Figure 2. IFN-β exposure reverses acLDL-suppressed type-I interferon response in BMDMs. (A) mRNA expression of type-I interferon stimulated genes in BMDMs after a total of 24 h of acLDL exposure combined with different concentrations (1.5 pg/mL to 50 ng/mL) of IFN-β for 6 h of stimulation. The transcriptional suppression of Cxcl10, Isg15, Ifit1, Ifit3, Stat1, Stat2, and Mx1 that was induced by acLDL loading was reversed after IFN-β exposure. (B) Heatmap indicating the row z score of the cholesterol loading-responsive genes Abca1 and Abcg1, and genes the type-I interferon response of BMDMs treated with LXR agonist (GW3965) or DMSO for 17 h. (A,B) n = 3 biological replicates per group. ns, not significant, *P < 0.05, **P < 0.01.
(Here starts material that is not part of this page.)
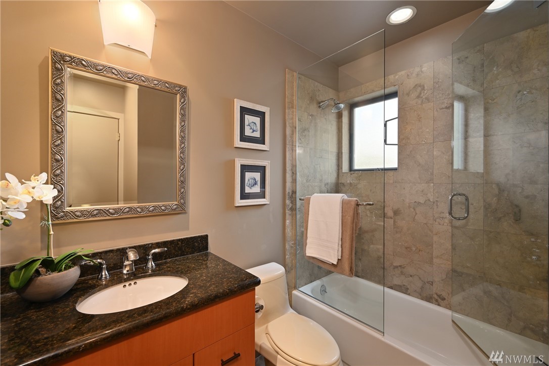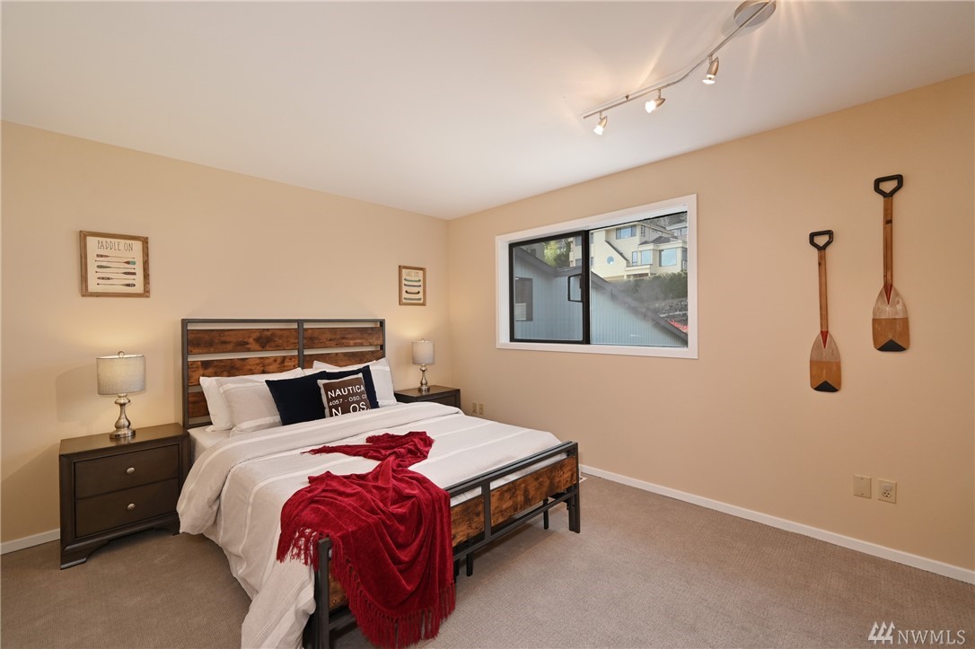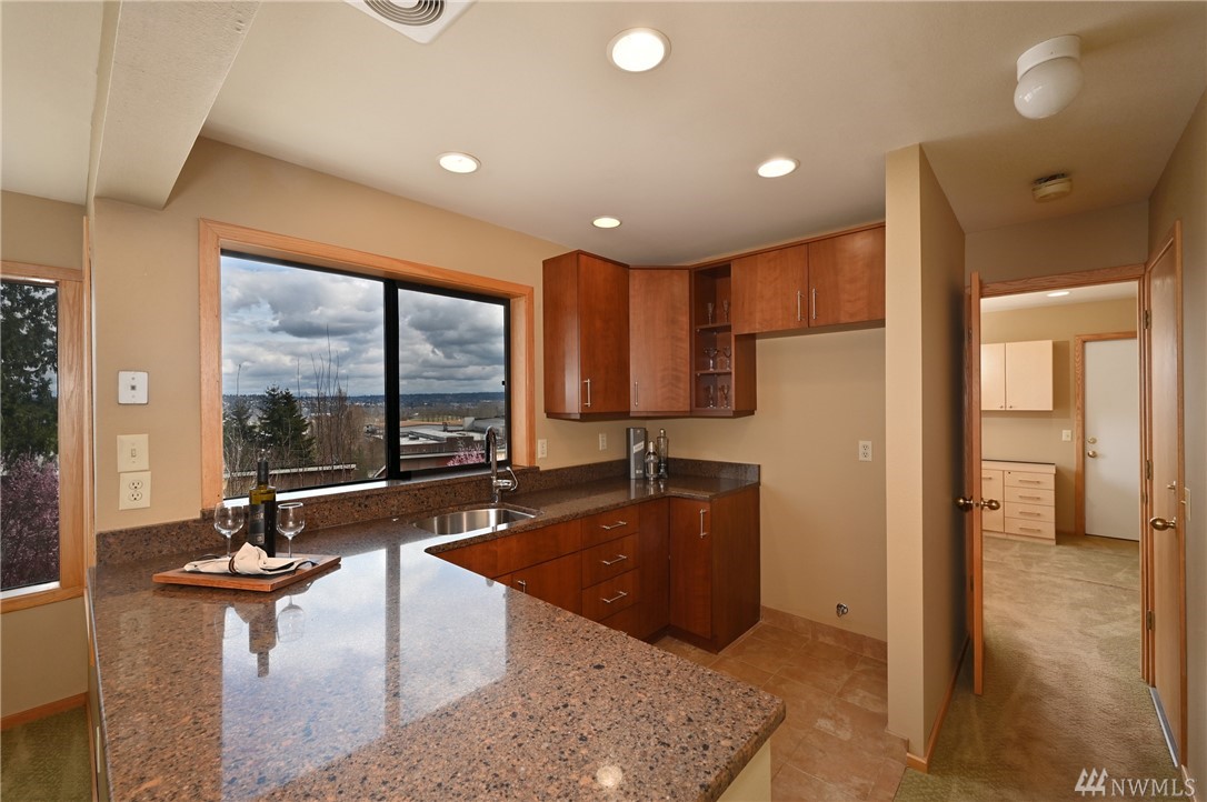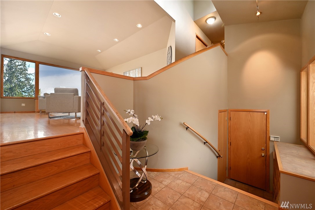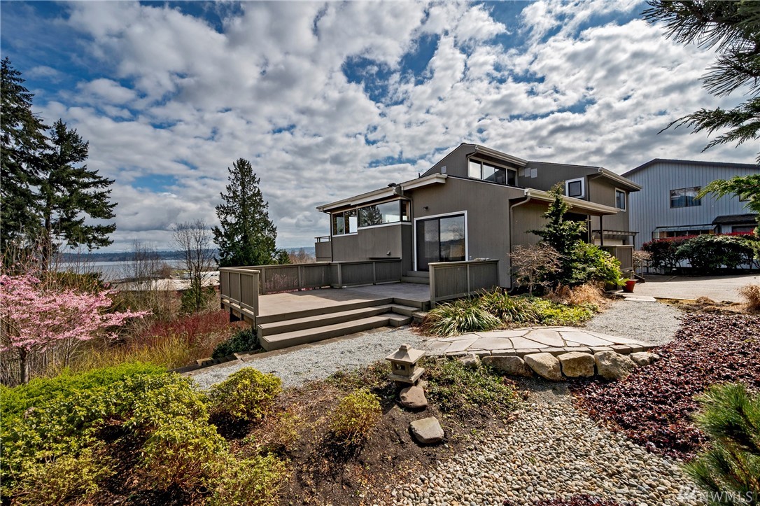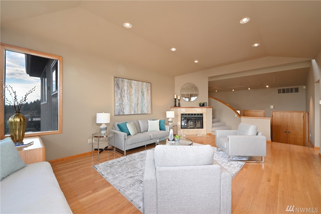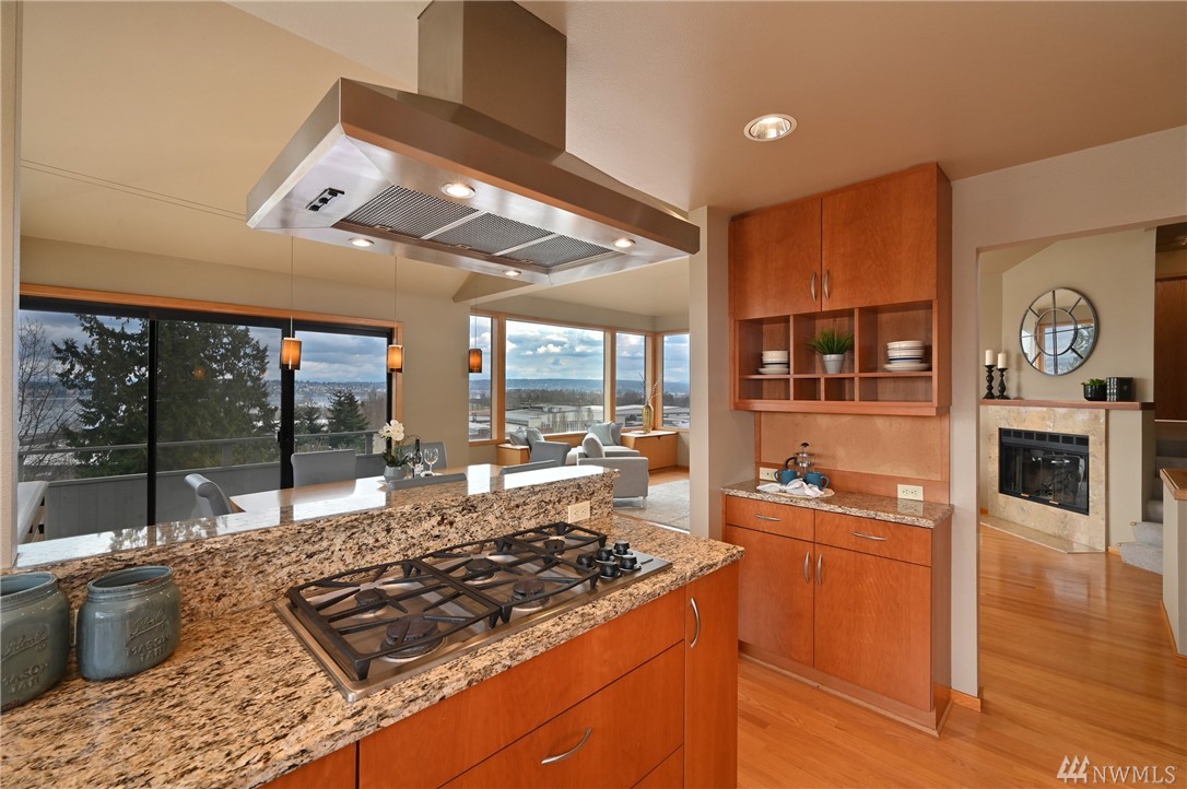 Private in city, luxurious view home. Overlooks Magnuson Park, Burke Gilman & Lake Washington. Sweeping lake / Mt. Rainier panoramas. Contemporary vaulted ceiling kitchen, dining, & architecturally captivating living room. Upstairs master w/ steam shower. Two separate but equal living areas: view-rich main & next floor down. Second kitchen (easy M.I.L.). A/C throughout. Spacious: 2 car garage w/generous built-in cabinets & HUGE unfinished basement storage for extra furniture, sports equipment & more. Parking for 5. Nature surrounds this stylish contemporary tucked in a cul-de-sac with amazing sunrise views. No traffic on tranquil street for rare, invisible serenity in the heart of Seattle. Optional View Ridge Swim & Tennis Club membership.

Stimulation of the Cholesterol-Sensing Nuclear Receptor LXR Recapitulates the Cholesterol-Initiated Type-I IFN Suppression
Liver X receptors (LXRs) are cholesterol-sensing transcription factors regulating lipid metabolism and transport, also impacting on inflammatory signaling in macrophages (19). LXR activation is a classical transcriptional response upon lipid loading (18). To determine whether the cholesterol-initiated type-I IFN suppression might be mediated via LXR, a synthetic LXR agonist (GW3965) was administered to BMDMs. Interestingly, LXR activation led to a clear suppression of ISGs, a signature that resembles that of lipid-laden macrophages (Figure 2B). This indicates that the lipid-driven type-I IFN suppression may be mediated through LXR activation.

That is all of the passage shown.